4. A method executed in on or more processing resources, the method comprising:

receiving input data comprising an indication of a biological relationship of a genetic variant of the patient with other genetic variants in a reference data set of known disease causing genetic variants at a first plurality of trained nodes of a hierarchical Bayesian Network;

using the first plurality of trained nodes to determine a likelihood of the biological relationship of the genetic variant with other genetic variants in the reference data set of known disease causing genetic variants occurring;

receive input data comprising a plurality of clinical features of the patient in relation to other pluralities of clinical features in a reference data set of known clinical features at a second plurality of trained nodes of a hierarchical Bayesian Network;

using the second plurality of trained nodes to determine a likelihood of the data comprising the plurality of clinical features of the patient occurring in relation to the reference data set of known clinical features;

at least one of:

attributing a disease label to the received input data; or

determining an indication of a likelihood of co-occurrence of the genetic variant of the patient and the plurality of clinical features of the patient;

using one or more further nodes based on input from the first plurality of trained nodes and from the second plurality of trained nodes.

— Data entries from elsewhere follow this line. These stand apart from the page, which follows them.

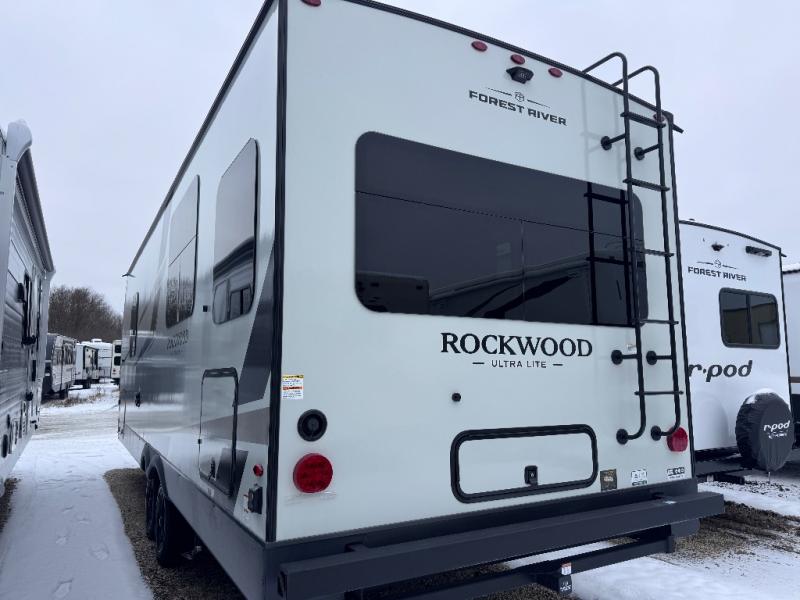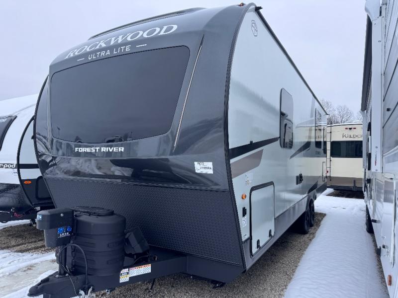 Each Rockwood Ultra Lite travel trailer by Forest River includes superior construction with a high gloss fiberglass cap, aluminum cage construction, and a power awning with LED lighting for a cozy and functional outdoor space. The torsion axle, power tongue jack will make towing smooth and hassle-free, along with the nitrogen filled, Goodyear Endurance tires and the tire pressure monitor system. Interior comforts include kitchen sink with high rise faucet, hidden hinge cabinet doors, and roller shades to name a few. Choose a Rockwood Ultra Lite travel trailer today!
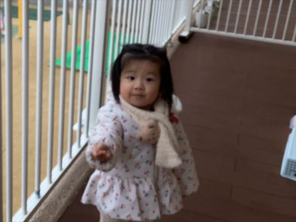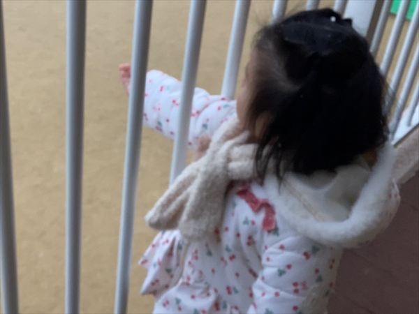 ☆雪が降ったよ!テラスの柵の間から腕をううんと伸ばして雪を触ろうとしていました。
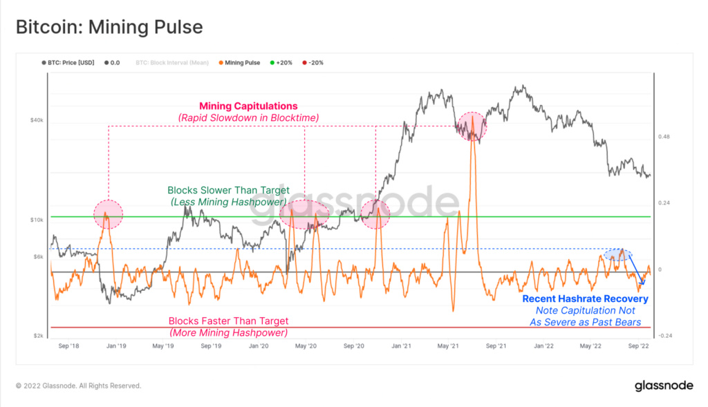 Wskaźnik Mining Pulse to narzędzie moitorujące aktywność górnikó Bitcoina. W tym celu metryka mierzy średni odstęp między zatwierdzanymi blokami (cel – 10 minut). Wartości niskie sugerują, iż bloki zatwierdzane w sieci są szybciej niż co 10 minut co wskazuje na rosnącą moc sieci (rosący hashrate). Wartości wyższe z kolei pokazują bloki zatwierdzane wolniej niż co 10 minut, co sygnalizuje na zwalniającą sieć. Wykres pokazuje, iż rynek górnikó doświadczył dłużej trwających problemów od maja 2021 roku, przy czym ożywienie zarejestrowano w sierpniu, tego roku. Poprzednie cykle Bitcoina kończyły się zawsze kapitulacją i co za tym idzie głębszmi spadkami hash rate. Nie jest wciąż jasne czy sytuacja w tej chwili oprze się spadkom jednak pewne jest iż w tej chwili większa część mocy sieci Bitcoin jest w posiadaniu często publicznych spółek górniczych co powinno sprzyjać większej transparentności. Źródło: Glassnode
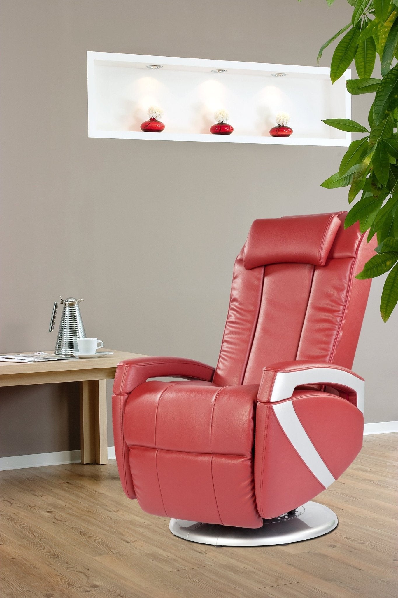 除了精选的技术和舒适的功能外,这款高品质的按摩椅还以其迷人的外观令人印象深刻。 Alpha Techno 的符合人体工程学形状的“优雅”AT 315 Wellfit 1A 为您提供高品质真皮套或易于护理的人造革之间的自由选择。有红色和黑色可供选择。由于其极其紧凑的尺寸,它给人留下了极其时尚的印象。由于座位区略微升高,即使对于身体残疾的用户来说,坐下和站起来也很容易。可爱的柔软靠背和足够长的脚踏板都可以相互独立地连续电动调节,引导您无缝地进入舒适的躺姿。其可移动底板允许“优雅”地旋转 180 度,非常适合晚上轻松看电视或舒适的午睡。
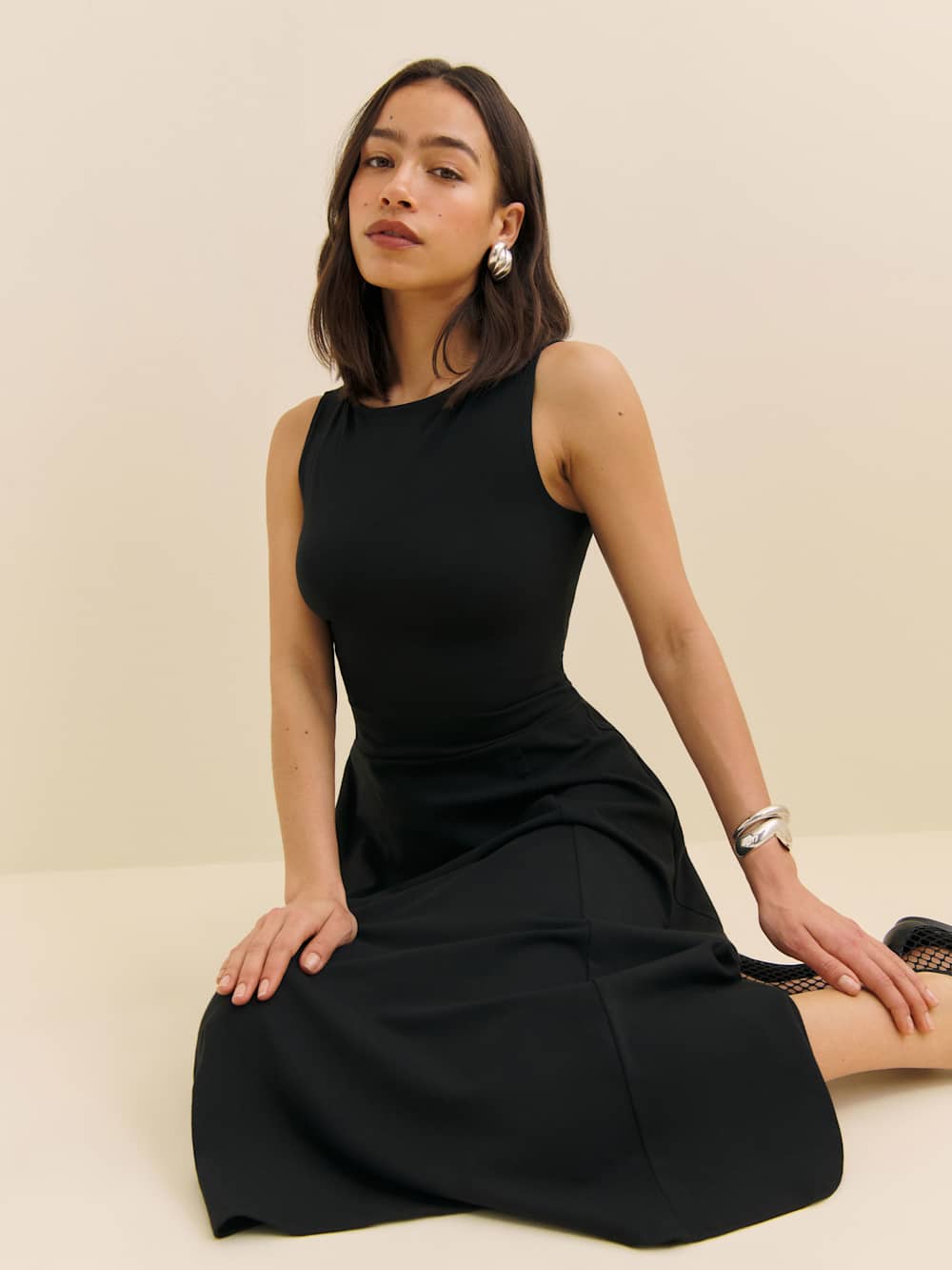 Wear the dress. Shop the Devin Knit Dress from Reformation, a sleeveless midi dress with a high neckline, drop waist, and pleating at the skirt.
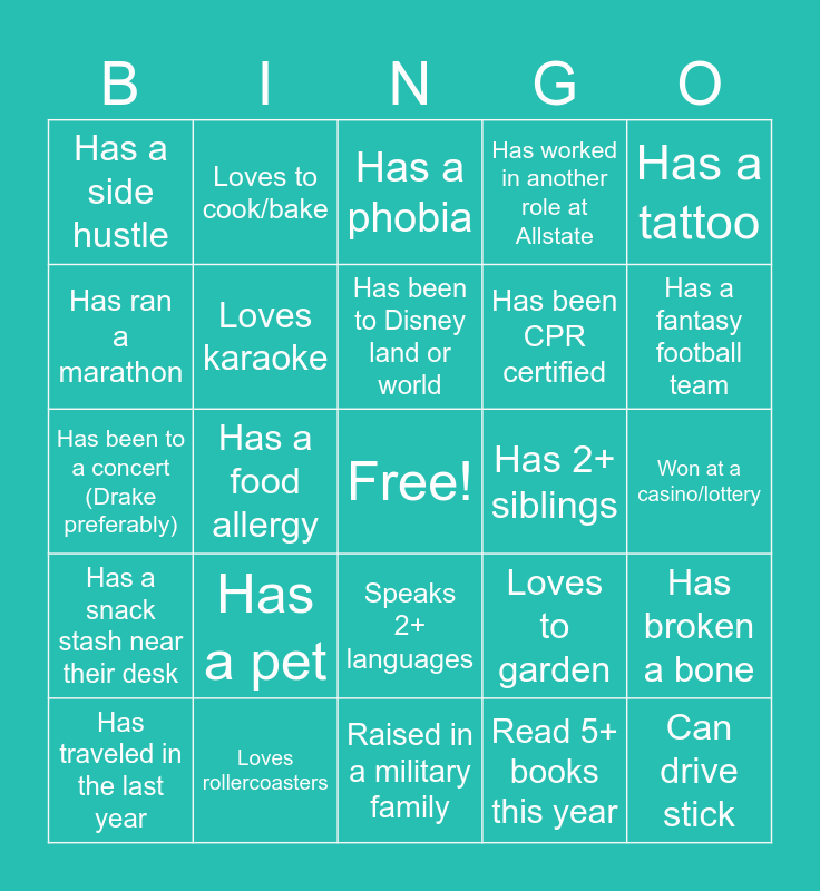 This bingo card has a free space and 24 words: Has a pet, Loves rollercoasters, Has been to Disney land or world, Has traveled in the last year, Has a tattoo, Has a side hustle, Has ran a marathon, Loves to cook/bake, Has 2+ siblings, Speaks 2+ languages, Has been CPR certified, Has been to a concert (Drake preferably), Loves to garden, Has broken a bone, Loves karaoke, Read 5+ books this year, Won at a casino/lottery, Has a phobia, Has a fantasy football team, Has a food allergy, Can drive stick, Has a snack stash near their desk, Has worked in another role at Allstate and Raised in a military family.
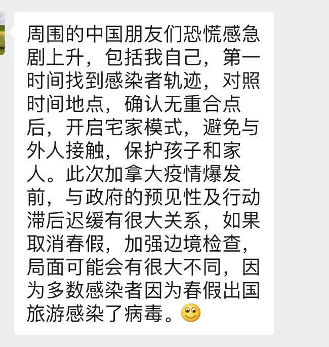 加拿大的感染病例也越来越多了,不过好像大家也都没有什么紧张感,华人也就是在微信群里说说,并没有见到有多惊慌的样子,倒是国内的亲属和朋友,不断的来问我们怎么样了,甚至有要帮我们买口罩的。
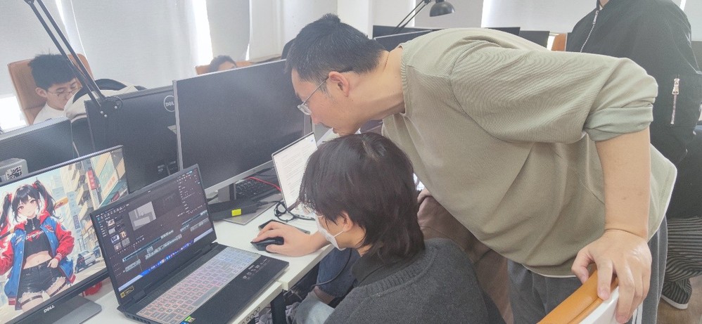 图2 教师结合《商业项目实践》课程辅导学生开展制作
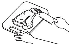 - Cut food into small strips or pieces sized to fit into the feed tube.
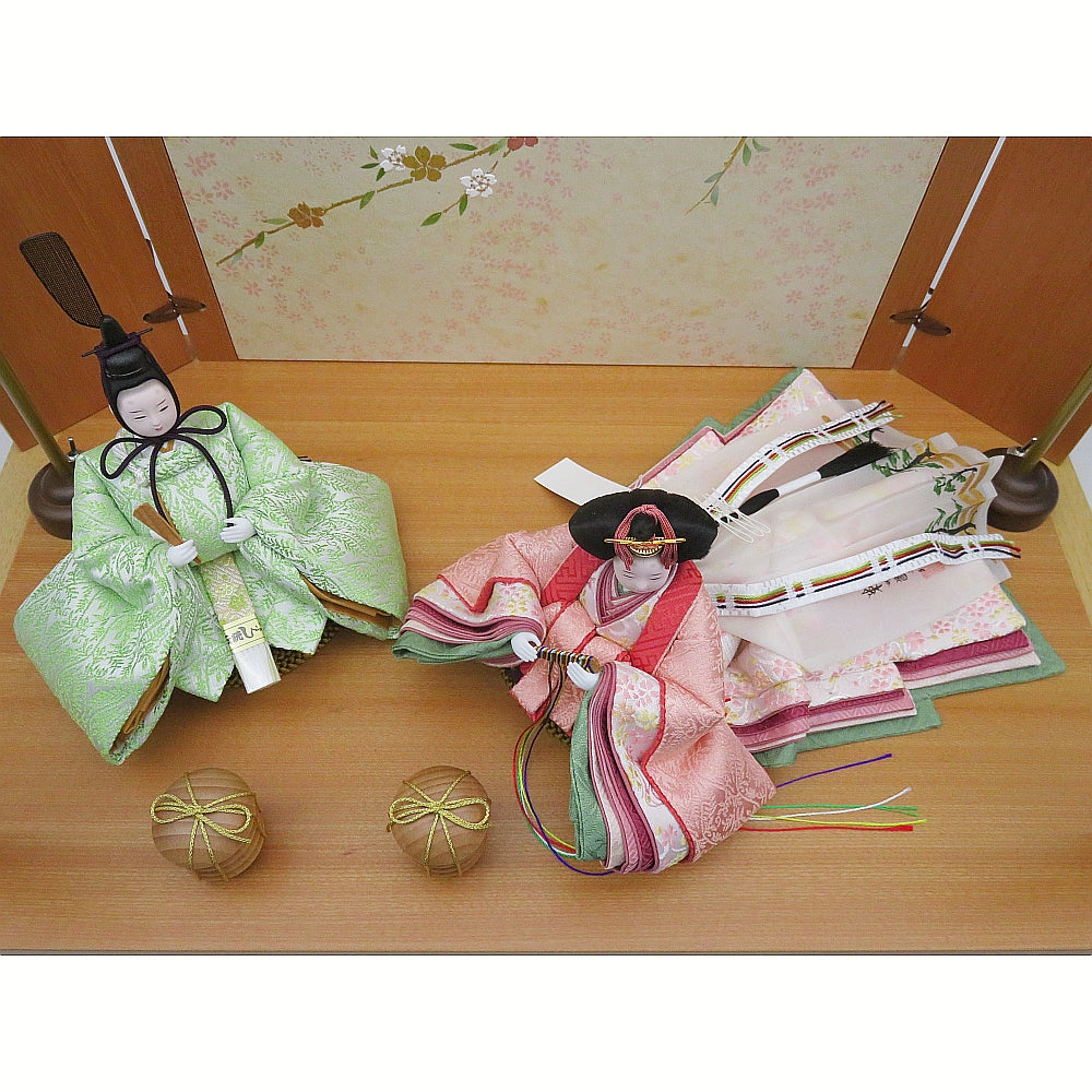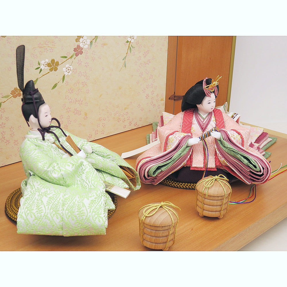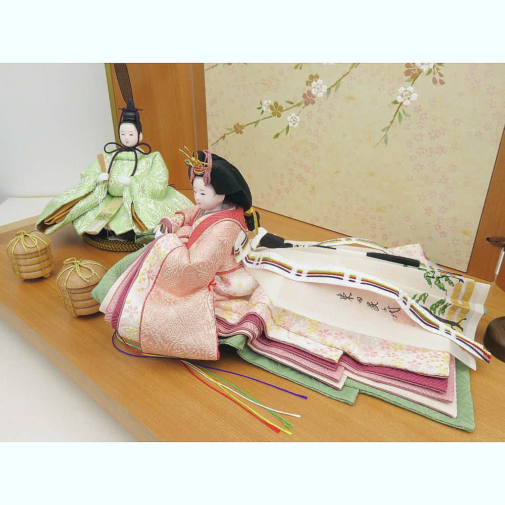 優雅な平安衣裳の裾をひき向かい合わせに語らう雰囲気のあるお雛さまです
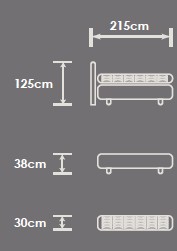 180 x 200 cm (H 125 cm, B 192 cm, T 215 cm)
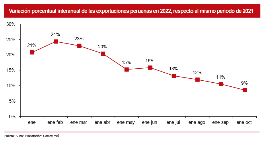 Si bien las exportaciones totales aún muestran un dinamismo importante, este es cada vez menor, debido a los menores envíos mineros, especialmente de cobre, ya que es un metal que representa el 27% del total de nuestras exportaciones al mundo. Por ejemplo, en los periodos enero-febrero y enero-marzo de 2022, las exportaciones peruanas crecieron un 24% y un 23%, respectivamente, con respecto a similar periodo en el año previo. Esto debido a que la cotización del cobre estaba en aumento.
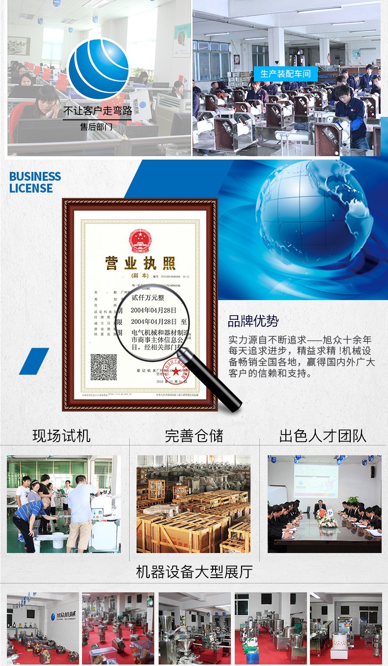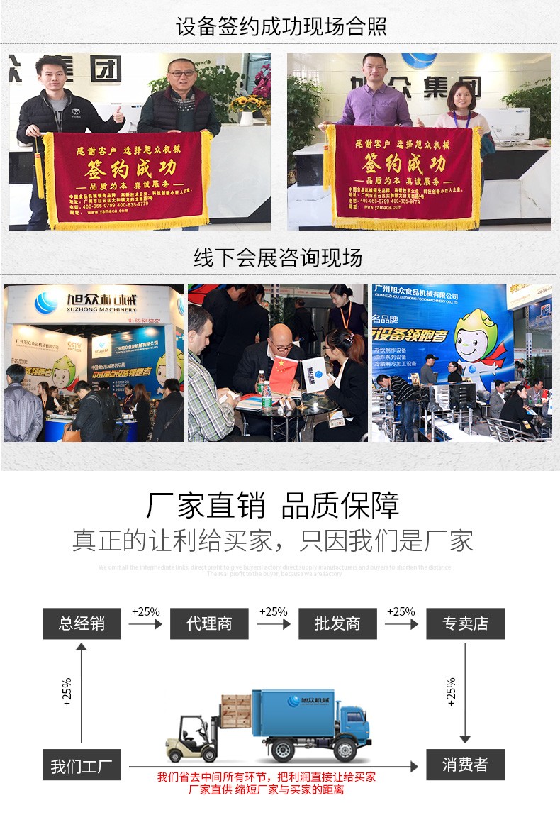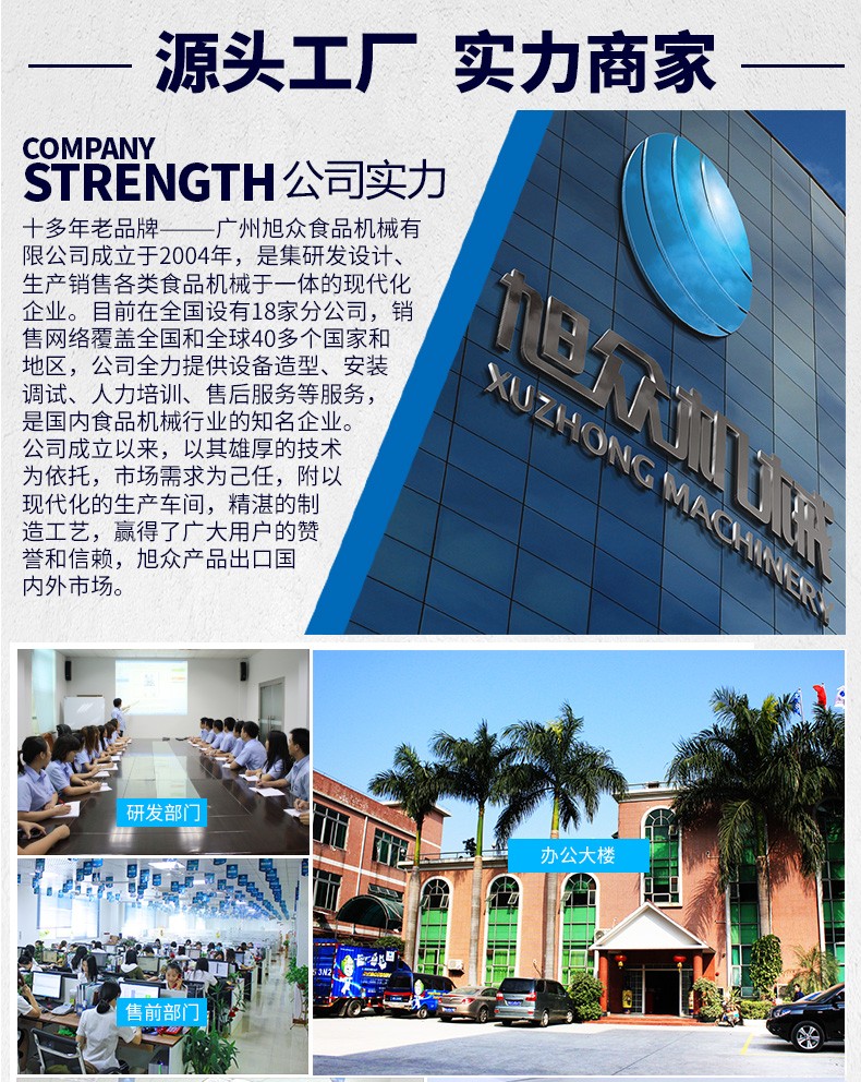 廣州旭眾食品機(jī)械有限公司是一家集科研開發(fā),生產(chǎn)設(shè)計,營銷服務(wù)為一體的現(xiàn)代化生產(chǎn)企業(yè)。現(xiàn)代化生產(chǎn)車間,精湛制造技術(shù),所產(chǎn)機(jī)械歷經(jīng)市場重重考驗,不斷贏得海內(nèi)外客戶的贊譽(yù)。

5. A method as claimed in claim 4, wherein the one or more further nodes are configured to both attribute a disease label to the received input data and determine a likelihood of co-occurrence of the genetic variant of the patient and the phenotype of the patient, the one or more further nodes configured to:

receive a plurality of disease labels attributed to a plurality of genetic variants and a plurality of indications of the likelihood of the individual ones of the genetic variants co-occurring with the phenotype of the patient; and

rank the plurality of disease labels in order of their associated indications of likelihood of co-occurrence of the genetic variant with the phenotype of the patient.

6. A method of training a hierarchical Bayesian Network for classifying genetic variants comprising:

identifying one or more nodes that provide a low predictive quality within the hierarchical Bayesian Network;

using biological experiments to generate training data relating to the identified one or more nodes or relating to an observed node providing input to the identified one or more nodes; and

training said hierarchical Bayesian Network using said training data.

7. A method as claimed in claim 6, further comprising using said data generated using biological experiments to determine at least one of molecular scores or functional scores; and

training said model using said determined scores.